Ensuite, parce que dénoncer la colonisation de plusieurs pays du tiers-monde par un pays du tiers-monde n’est pas idéologiquement simple, surtout pour des esprits encore marqués par la bipolarité de la guerre froide et imprégnés par des visions simplistes des rapports de force issus de la colonisation.

Enfin, parce que les intérêts chinois en Afrique sont, toutes proportions gardées, beaucoup moins importants que ceux des États-Unis ou de pays européens comme la France et le Royaume-Uni.

Il est vrai que l’Histoire ne s’efface pas si facilement. Mais on sait aussi qu’elle peut connaître d’importants et profonds infléchissements. Faut-il obligatoirement les regretter ? Rien ne peut en effet interdire au continent africain de s’ouvrir au monde, même si la mondialisation s’y avère néfaste aux intérêts occidentaux.

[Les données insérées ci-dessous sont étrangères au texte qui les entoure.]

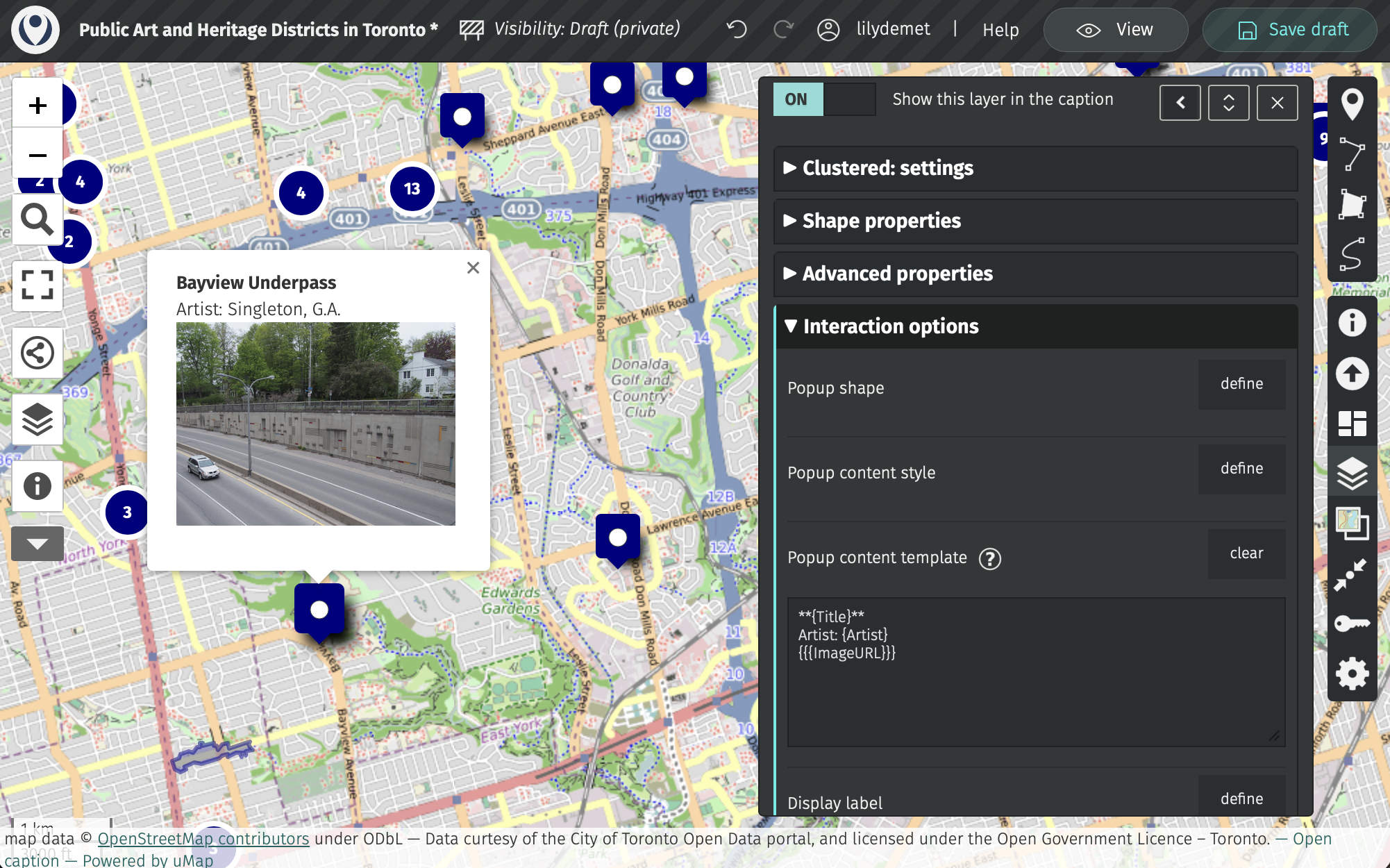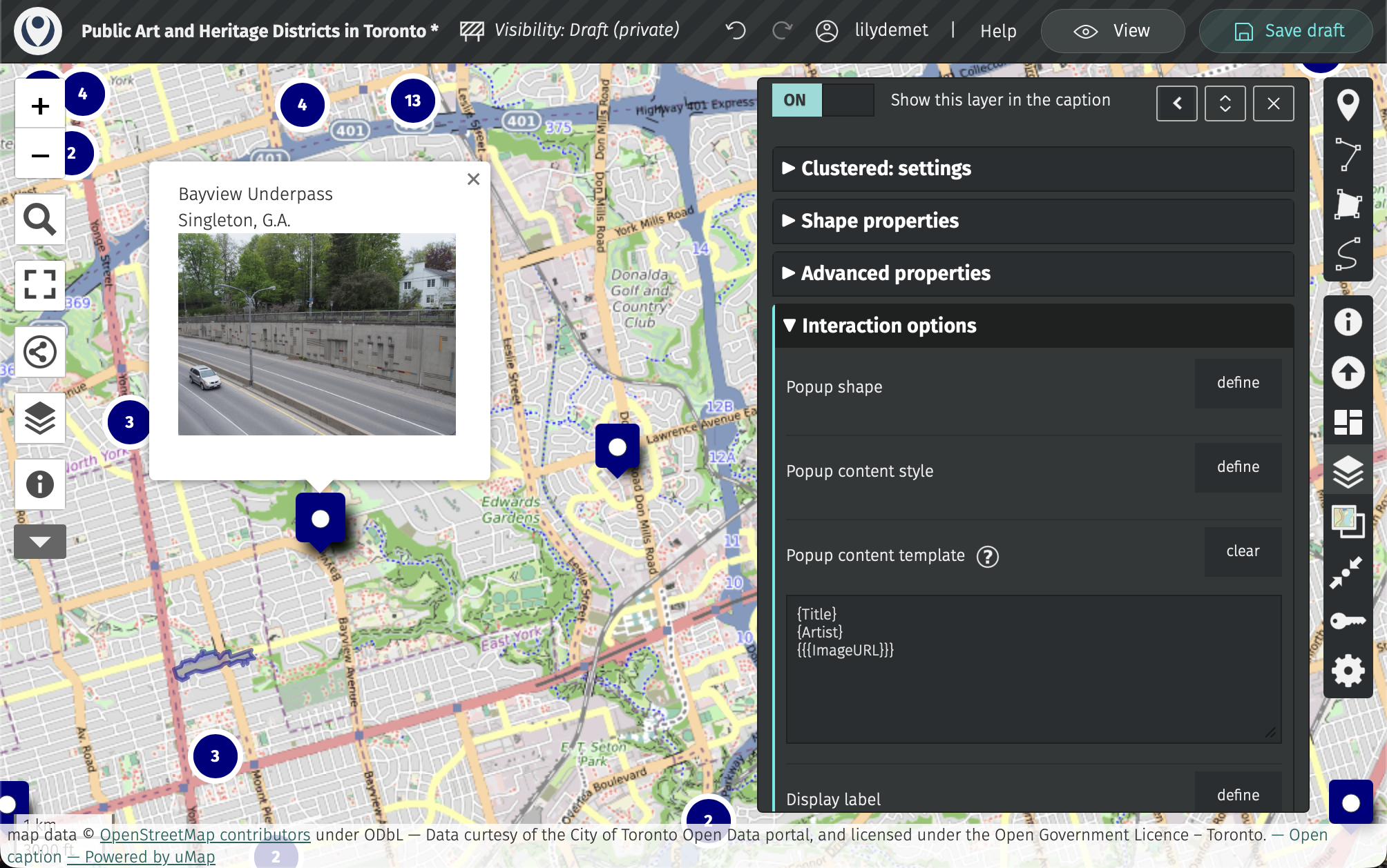 Now, expand Interaction options. As it stands, if you click on any public art feature, you get a pop-up with the name of the layer. Let’s change this so relevant details like Title, Artist, and the artwork image appear in the popup.

Il faut enfin remarquer que mondialisation signifie également compétition. Il est donc du devoir de l’Europe de faire les efforts nécessaires au maintien de son influence sur le Continent noir, si toutefois elle le désire. Cela nous semble utile et réaliste. Lénine avait l’habitude de dire : « Qui tient l’Afrique tient l’Europe. » C’est aux Européens d’apporter une réponse efficace mais aussi morale à ce défi du XXIe siècle.